Daniel Messias (São Paulo, December 13, 1938) is a Brazilian animator. He is the son of comic book artist Messias de Mello and the nephew of poet and journalist Judas Isgorogota.

== Career ==
Daniel Messias began working in animation in the early 1970s, having founded his own studio in 1975.

== Cameos ==
Among other projects, he was responsible for Brazilian Television segments for the animation channel Cartoon Network such as a series of short films about the Discovery of Brazil called "Terra á vista" featuring characters from Cow and Chicken, Dexter's Laboratory, The Powerpuff Girls, I Am Weasel, Johnny Bravo, Ed, Edd n Eddy, Codename: Kids Next Door, Courage the Cowardly Dog, The Grim Adventures of Billy & Mandy, Whatever Happened to... Robot Jones?, Foster's Home for Imaginary Friends, Hi Hi Puffy AmiYumi, The Life and Times of Juniper Lee, Camp Lazlo, My Gym Partner's a Monkey, Ben 10 (2005 TV series), Squirrel Boy,Chowder, The Marvelous Misadventures of Flapjack and The Looney Tunes Show as well as local episodes editions of Space Ghost: Coast to Coast and various commercials.
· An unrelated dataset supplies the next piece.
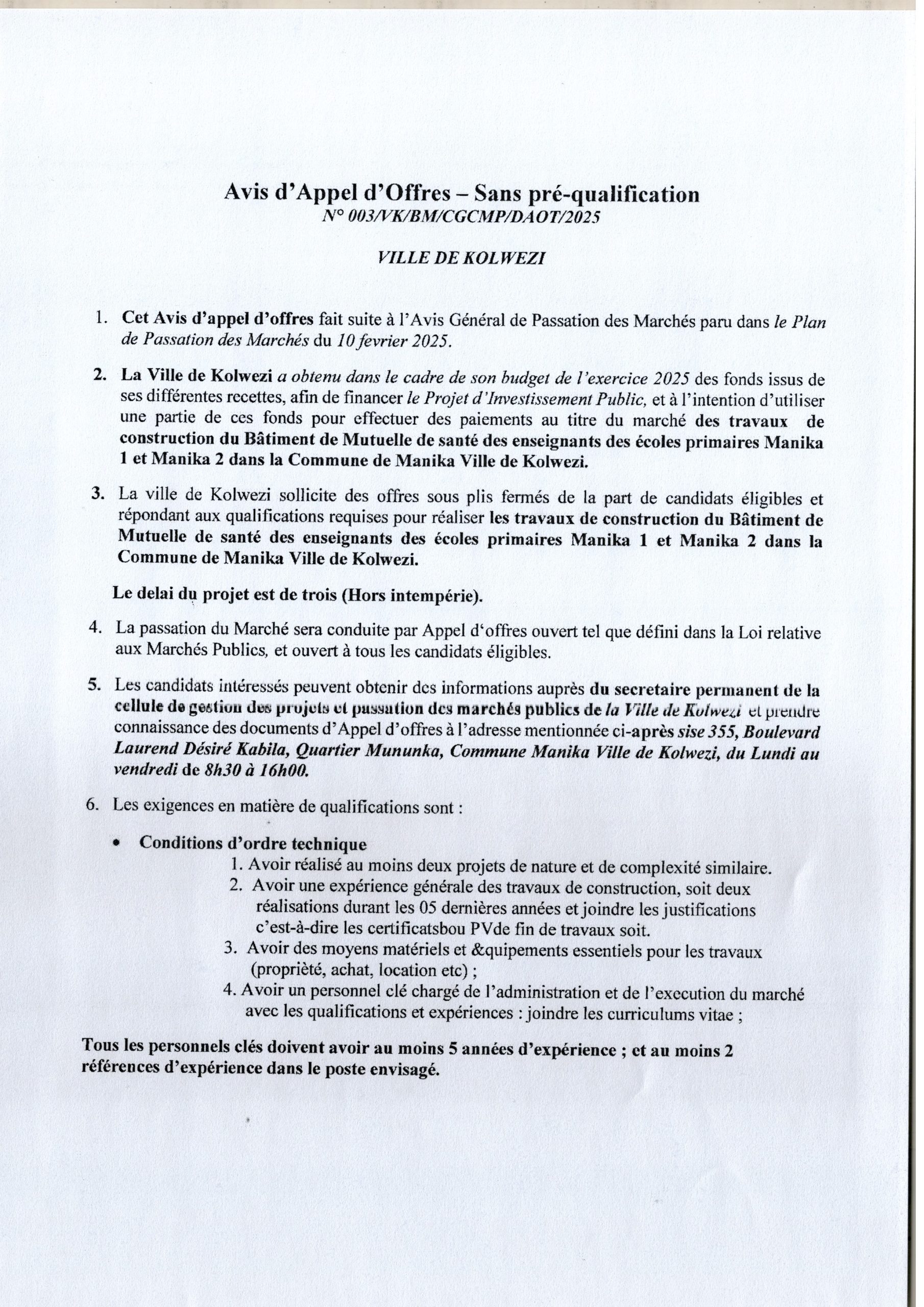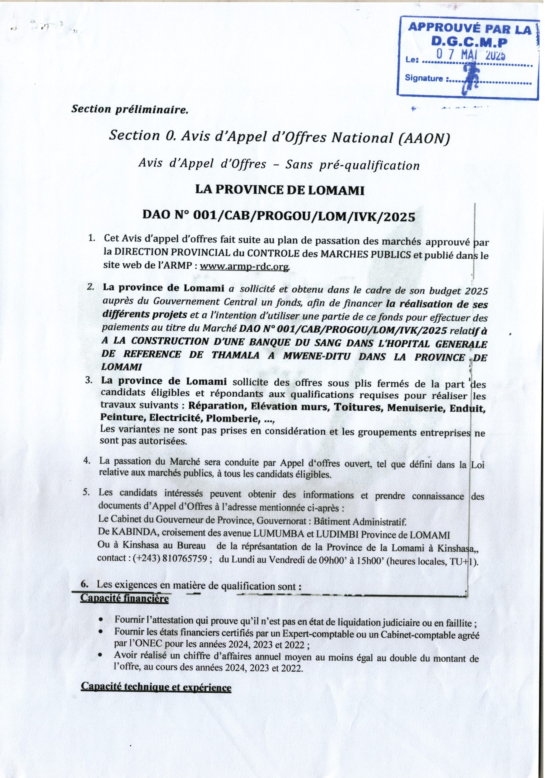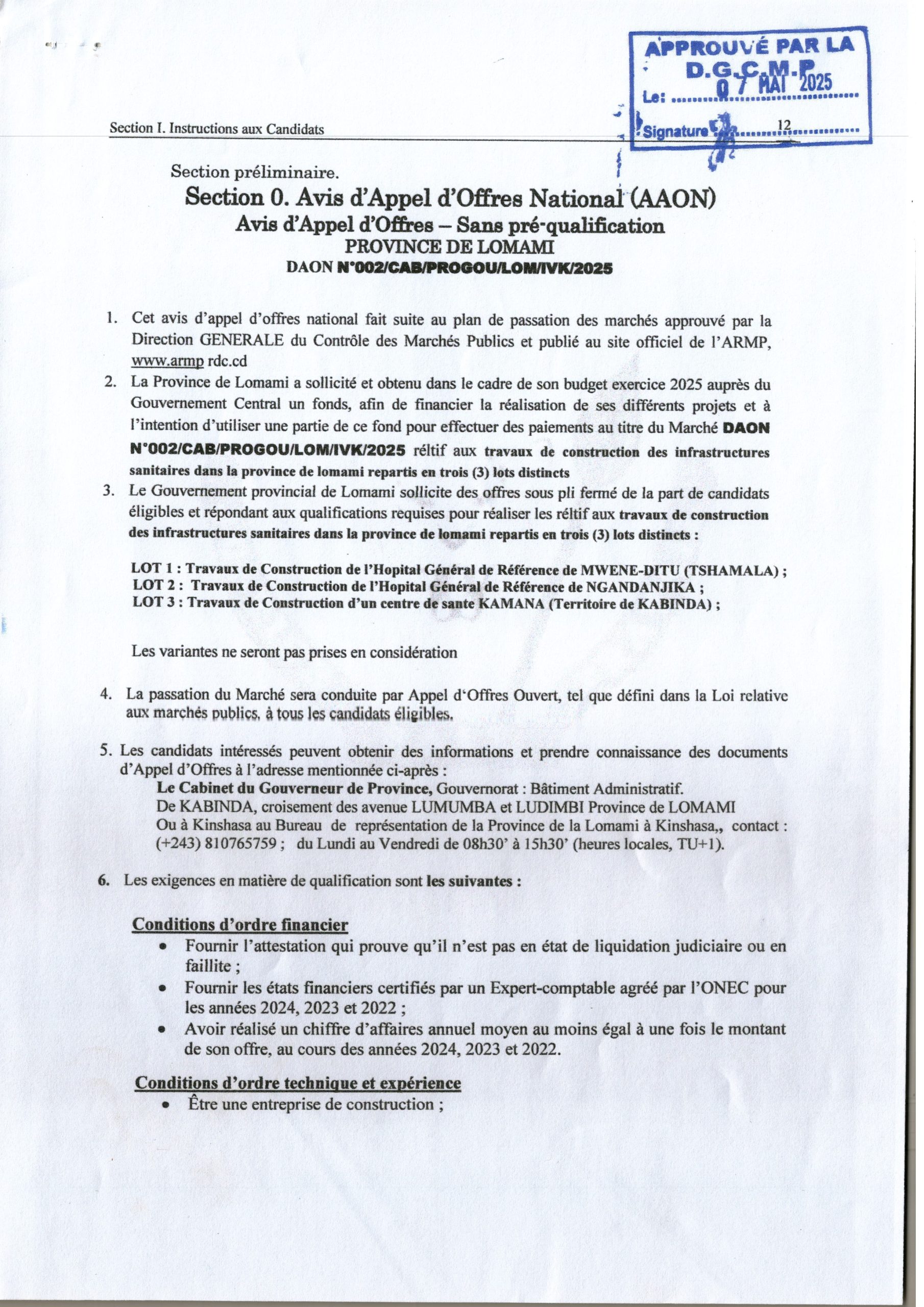 Travaux de construction des infrastructures sanitaires dans la province de Lomami repartis en trois (3) lots distincts

These projects often utilized Warner Bros. characters (including those from Hanna-Barbera (The Flintstones, The Jetsons, Top Cat, Wally Gator, Snagglepuss, Augie Doggie and Doggie Daddy, Scooby-Doo, Where Are You!, Atom Ant, Magilla Gorilla, Lippy the Lion and Hardy Har Har, Pixie and Dixie and Mr. Jinks, Huckleberry Hound, Quick Draw McGraw, Snooper and Blabber), MGM Cartoons (The Pink Panther Show, Tom and Jerry and Dumb-Hounded), Cartoon Network, and the comic book publisher DC Comics, all of which belong to the same conglomerate). Daniel also directed animated short films, most notably Natal da Turma da Mônica (1976), Dinda's (1993), and Los 3 Amigos (2009). With the latter, he won the 22nd HQ Mix Trophy in the "Best Adaptation to Another Medium" category.